Вернулся из Москвы и Корней Иванович: он ухватил некую ниточку, волосок, провод к одному влиятельному лицу, встречавшемуся лично с товарищем Поскребышевым. Фамилию влиятельного я позабыла, а прозвал его Корней Иванович почему-то Недотыкомкой. Туся, Шура, Зоя и я — все мы обсуждали вместе с Корнеем Ивановичем, какое письмо он напишет и передаст через Недотыкомку прямо Поскребышеву. А тот — если пожелает — прямо Сталину… Взвесить надо каждое слово… Да, в конце августа мне стало на минуту чуть легче. Было теперь с кем говорить и говорить о Мите, о каждом новом предпринимаемом в хлопотах шаге, было у кого узнавать редакционные новости и, главное, в чьи колени уткнувшись — плакать, плакать без стыда и краю. (При Корнее Ивановиче да и ни при ком другом, кроме них, я не плакала.) Да, с возвращением друзей мне полегчало. Нередко кто-нибудь из них сменял меня в очереди. (День на службе, ночь в очереди — это непросто.) Нередко кто-нибудь вместо меня навещал в Сестрорецке Иду и Люшу, отвозил туда керосин, яблоки. Рахиль Ароновна не только сменяла меня в очередях чаще всех, но, случалось, завидев в моем окне свет поздней ночью — в двенадцать, в час, — окликала по телефону:

— Лидия Корнеевна, приходите к нам чай пить. Мы с мамой еще не ложимся.

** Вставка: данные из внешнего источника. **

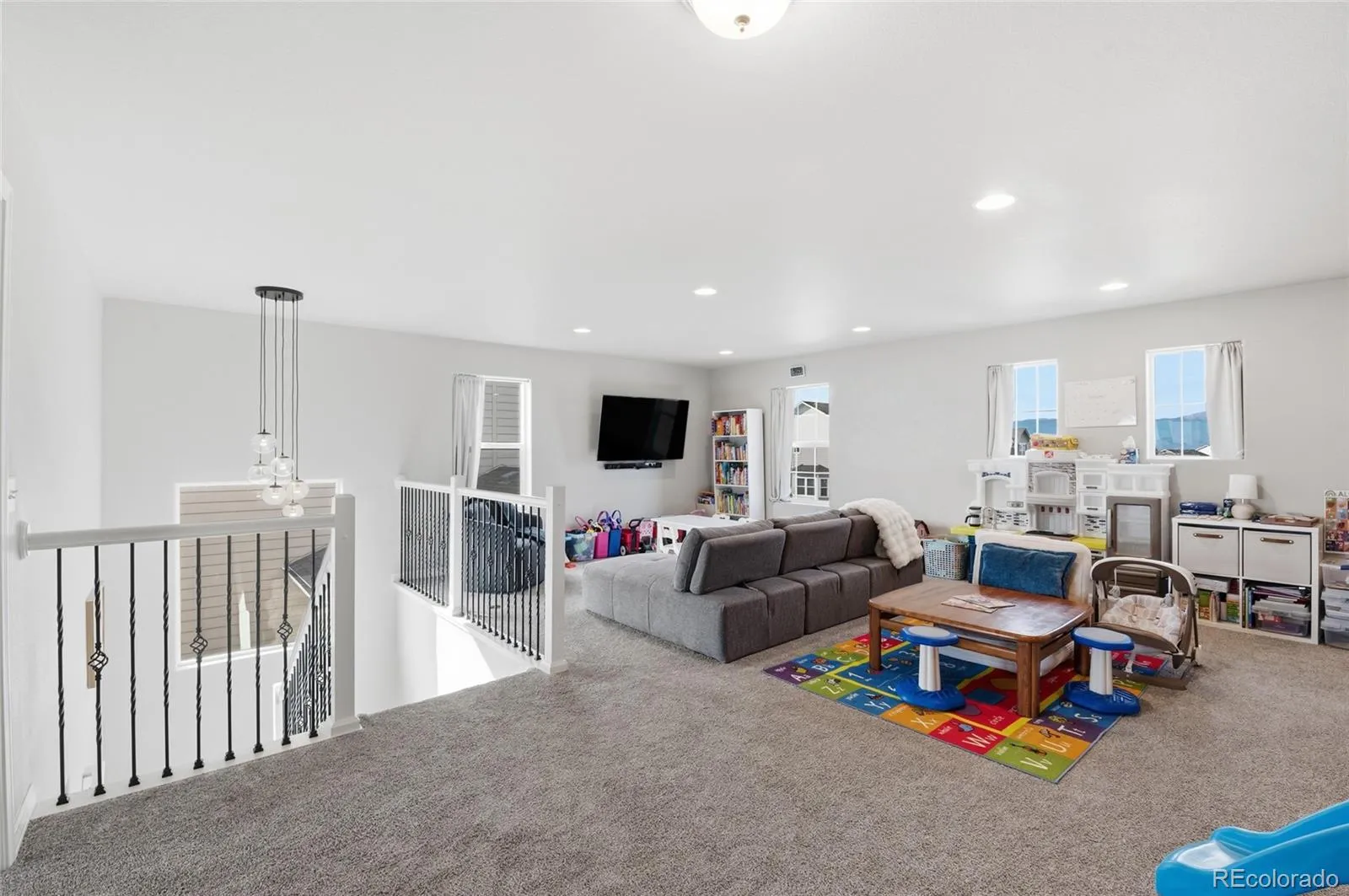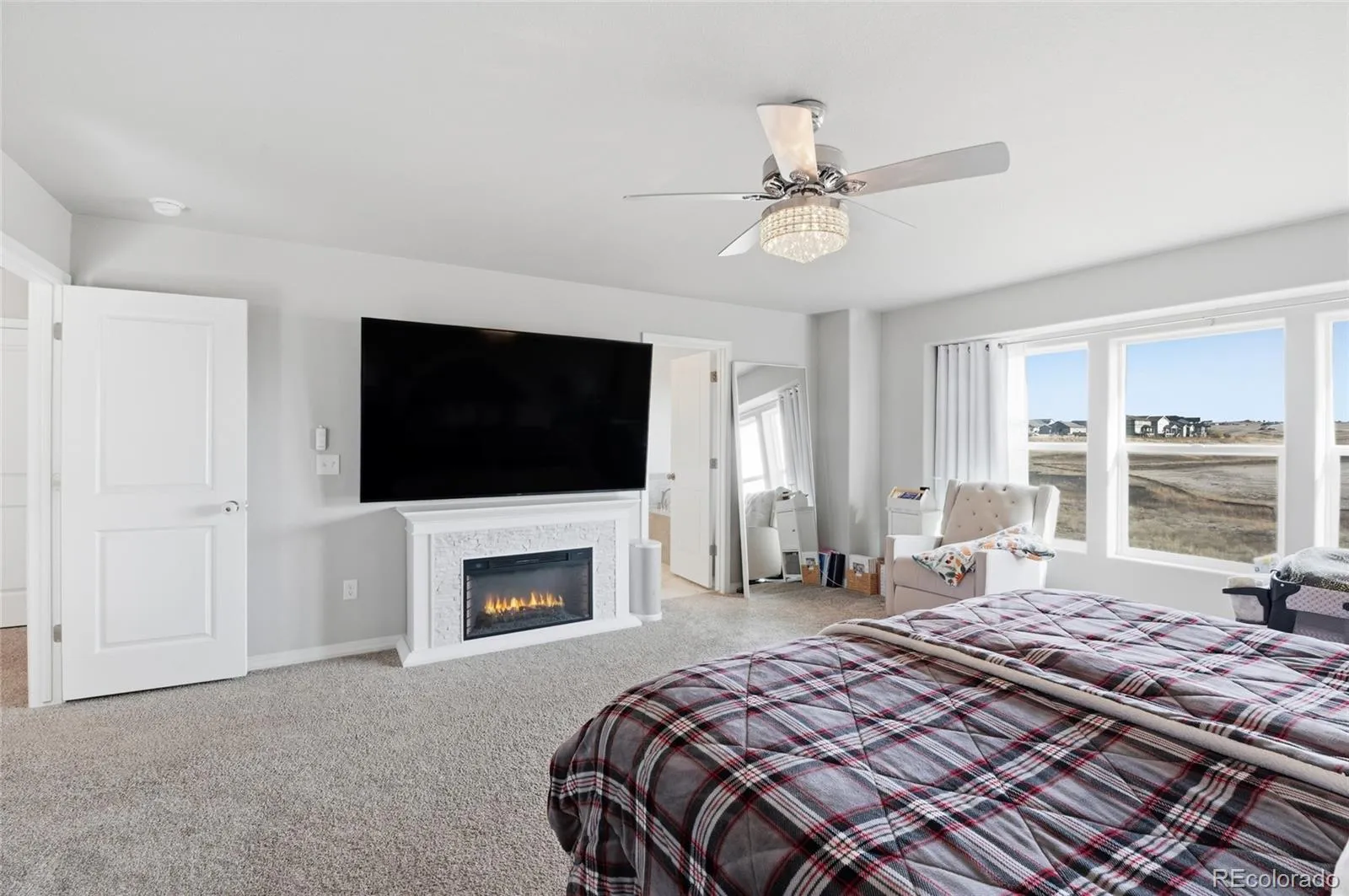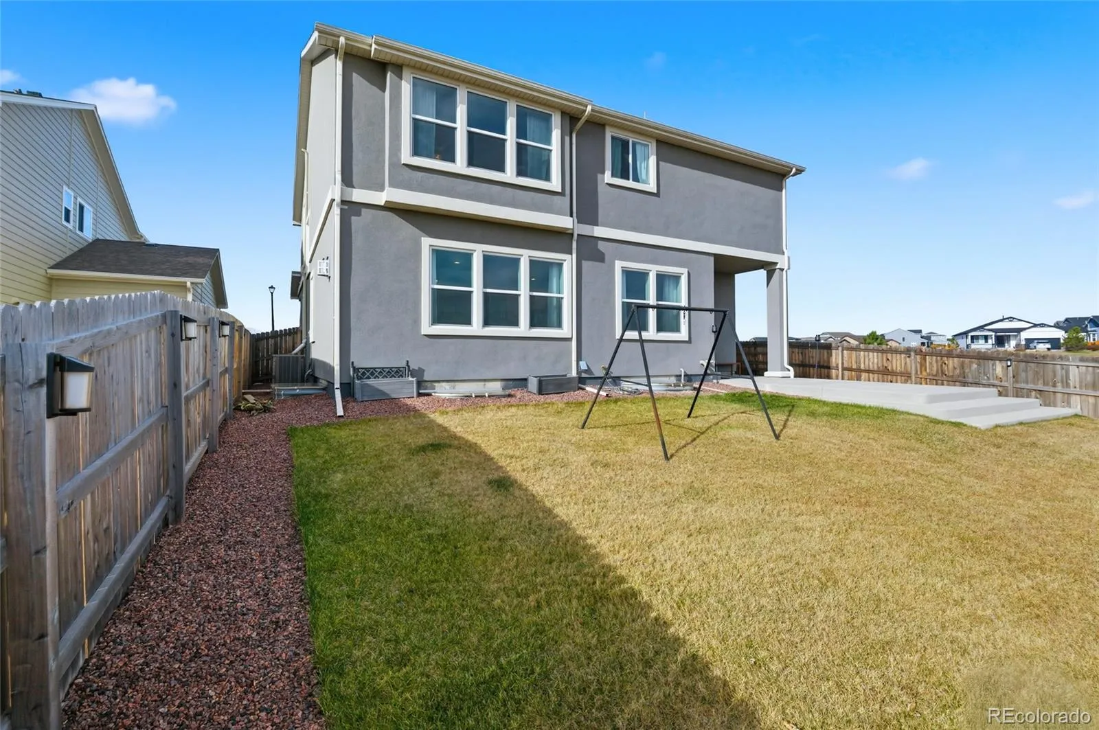 Welcome to this beautiful gem perfectly situated on a private end lot in a peaceful cul-de-sac. This remarkable property backs to open space, offering exceptional privacy, while mountain views from the front add to its Colorado charm. Enjoy serene surroundings with no homes to be built directly behind or across the green space, plus mountain views from the front, including a stunning view of Pikes Peak. Enjoy the quiet surroundings with minimal traffic and the friendly neighborhood atmosphere, complete with frequent community events and a nearby park and playground just steps away. Inside, you’ll find a light-filled, open layout that seamlessly connects the kitchen, dining, and living areas. The chef-worthy kitchen features abundant white cabinetry, double ovens, quartz countertops, a spacious pantry, and a large center island perfect for casual meals or gatherings. The cozy living room invites relaxation with its custom floor-to-ceiling stacked stone fireplace. A private main-level home office provides the perfect space for remote work or study. Upstairs, the home continues to impress with stunning Pikes Peak and mountain views. The expansive loft offers flexible space for a second living area or playroom, while three generously sized bedrooms each have walk-in closets. A thoughtfully placed upper-level laundry room adds to the home’s practical design. The newly finished basement features 9-foot ceilings—taller than most—and multiple egress windows for ample natural light. Currently set up as a professional-quality home gym, this space can easily be converted into a family room or recreation area. The basement also includes a full bedroom and bathroom, making it ideal for guests. The property includes an extra-deep four-car garage with custom overhead storage. This move-in-ready stunner offers a rare combination of tranquility, luxury, and community. Nestled in a quiet setting yet just minutes from modern amenities, this Sterling Ranch home truly has it all.

Или, хотите, я сама к вам приду? (Я выбегала к ним: дома, без Люши, без Мити, мне все опостылело… Сидишь у себя — с кем ни сиди — и тебе ясно, что Мити нет; а сидишь где-нибудь у друзей и воображаешь: вот приду домой, а он дома!)

4

Накануне 1 сентября воротился откуда-то с Кавказа ближайший Митин друг, математик Герш Исаакович, или, попросту Геша Егудин. К этому времени оба они — и он, и Митя — уже далеко не студенты. (Егудин — заведующий кафедрой математики в Ленинградском финансово-экономическом институте.) Дружба их по-прежнему держалась на отчаянном библиофильстве: вместе и порознь ходили они по букинистам, хвастаясь своими находками. Разговоры велись между ними не только научные, физико-математические, но и литературные, а иногда и политические.

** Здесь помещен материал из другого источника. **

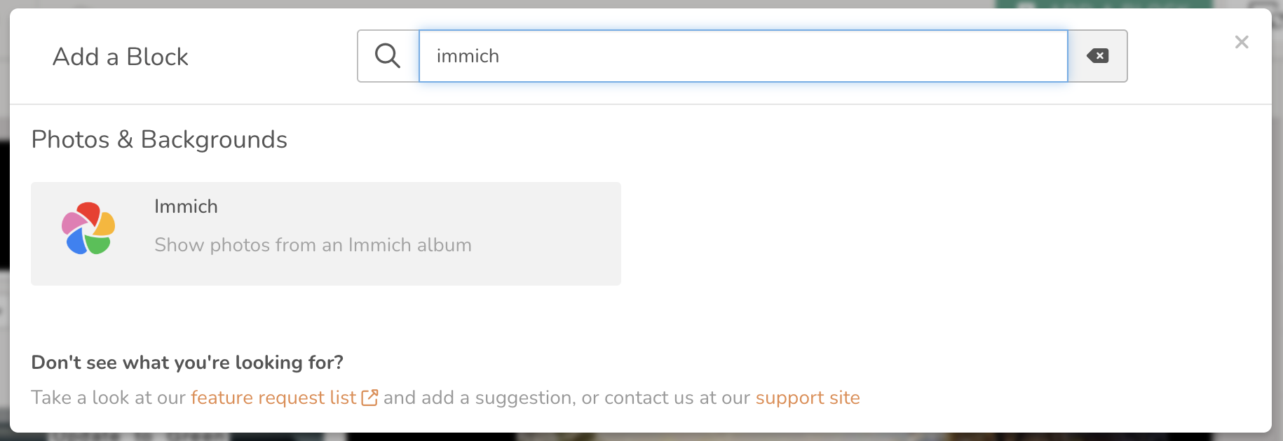 With you API key ready, return to your DAKboard account, open the Custom Screen Editor where you want to add your Photo Block, and add the block to the Screen. Make sure you select the Immich Photo source.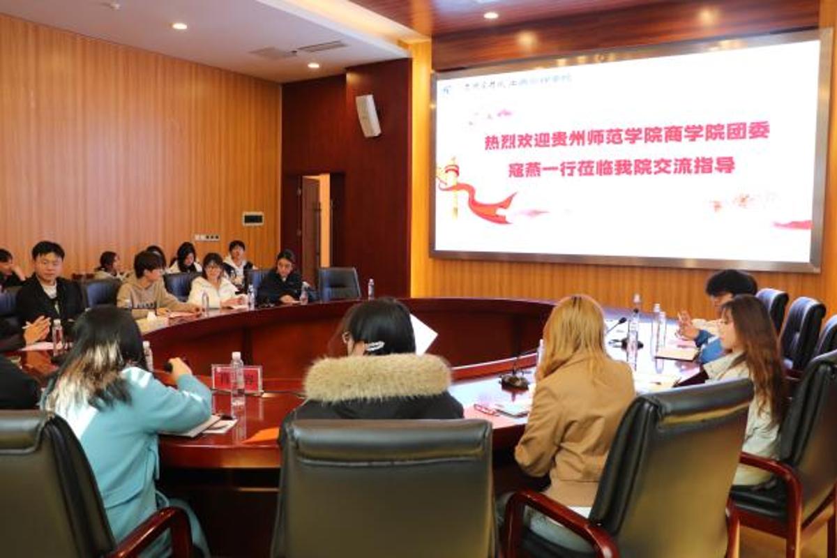 本网讯 团学工作是高校思想政治教育的重要载体,也是凝聚青年、服务青年的关键纽带。为打破校际团学工作发展壁垒,探索新时代团学工作创新路径,贵州师范学院商学院团委书记寇燕、学院团委学生会干部代表于12月1日赴贵州商学院工商管理学院,共同召开团学工作交流座谈会。本次会议在静心湖会议中心第一会议室举行,由贵州商学院工商管理学院团总支书记肖立容主持,该学院党委副书记赵翔及两院团学指导老师、学生干部代表参会。

Изо всех нас был Геша Егудин, пожалуй, самый здравый и «понимающий».

Когда я говорю «понимающий», я имею в виду не область науки или искусства, хотя и в них Герш Исаакович разбирался с большой тонкостью, а — понимающий то, что творилось вокруг.

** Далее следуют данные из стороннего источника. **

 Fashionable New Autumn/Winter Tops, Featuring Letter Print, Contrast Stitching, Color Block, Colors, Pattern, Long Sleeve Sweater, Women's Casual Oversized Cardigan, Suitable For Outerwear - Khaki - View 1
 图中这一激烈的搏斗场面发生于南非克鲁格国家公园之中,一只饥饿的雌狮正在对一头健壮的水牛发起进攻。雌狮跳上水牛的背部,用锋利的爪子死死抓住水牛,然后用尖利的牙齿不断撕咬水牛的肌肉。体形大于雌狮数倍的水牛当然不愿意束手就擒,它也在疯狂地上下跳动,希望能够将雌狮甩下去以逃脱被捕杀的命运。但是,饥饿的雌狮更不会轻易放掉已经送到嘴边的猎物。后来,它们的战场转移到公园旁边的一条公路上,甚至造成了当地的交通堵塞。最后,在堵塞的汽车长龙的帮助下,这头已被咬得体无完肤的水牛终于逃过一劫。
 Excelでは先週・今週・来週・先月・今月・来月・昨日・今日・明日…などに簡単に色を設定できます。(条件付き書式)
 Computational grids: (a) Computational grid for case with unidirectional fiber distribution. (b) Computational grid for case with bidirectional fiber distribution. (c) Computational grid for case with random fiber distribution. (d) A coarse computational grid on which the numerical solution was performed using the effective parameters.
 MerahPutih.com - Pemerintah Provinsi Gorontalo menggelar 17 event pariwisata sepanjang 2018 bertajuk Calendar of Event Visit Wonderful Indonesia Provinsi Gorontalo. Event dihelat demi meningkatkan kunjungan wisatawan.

Потому ли, что наделен от природы был он умом скептическим, а скептики в нашем гнусно устроенном мире всегда в конечном счете оказываются правы; потому ли, что не был он в такой степени захвачен (и тем самым задурен) ежедневной кропотливой литературной работой, как я и мои друзья, или научной, как Митя, но с первого дня моего знакомства с ним (познакомил нас Митя году в 33-м или 34-м) я не слышала от Геши Егудина ни единого удивленного возгласа: что это за выборы при одном кандидате? из кого выбираем? что, собственно, происходит в деревне — там, говорят, людей гонят в колхозы силою, а тех, кто не соглашается, отправляют на Север? отчего арестован такой-то? или отчего на открытых процессах все подсудимые, все, без исключения, признаются? Ответить на эти вопросы с совершенной конкретностью он, вероятно, не мог бы, но, в отличие от нас, никакого недоумения перед любым зверством или любой бессмыслицей не проявлял.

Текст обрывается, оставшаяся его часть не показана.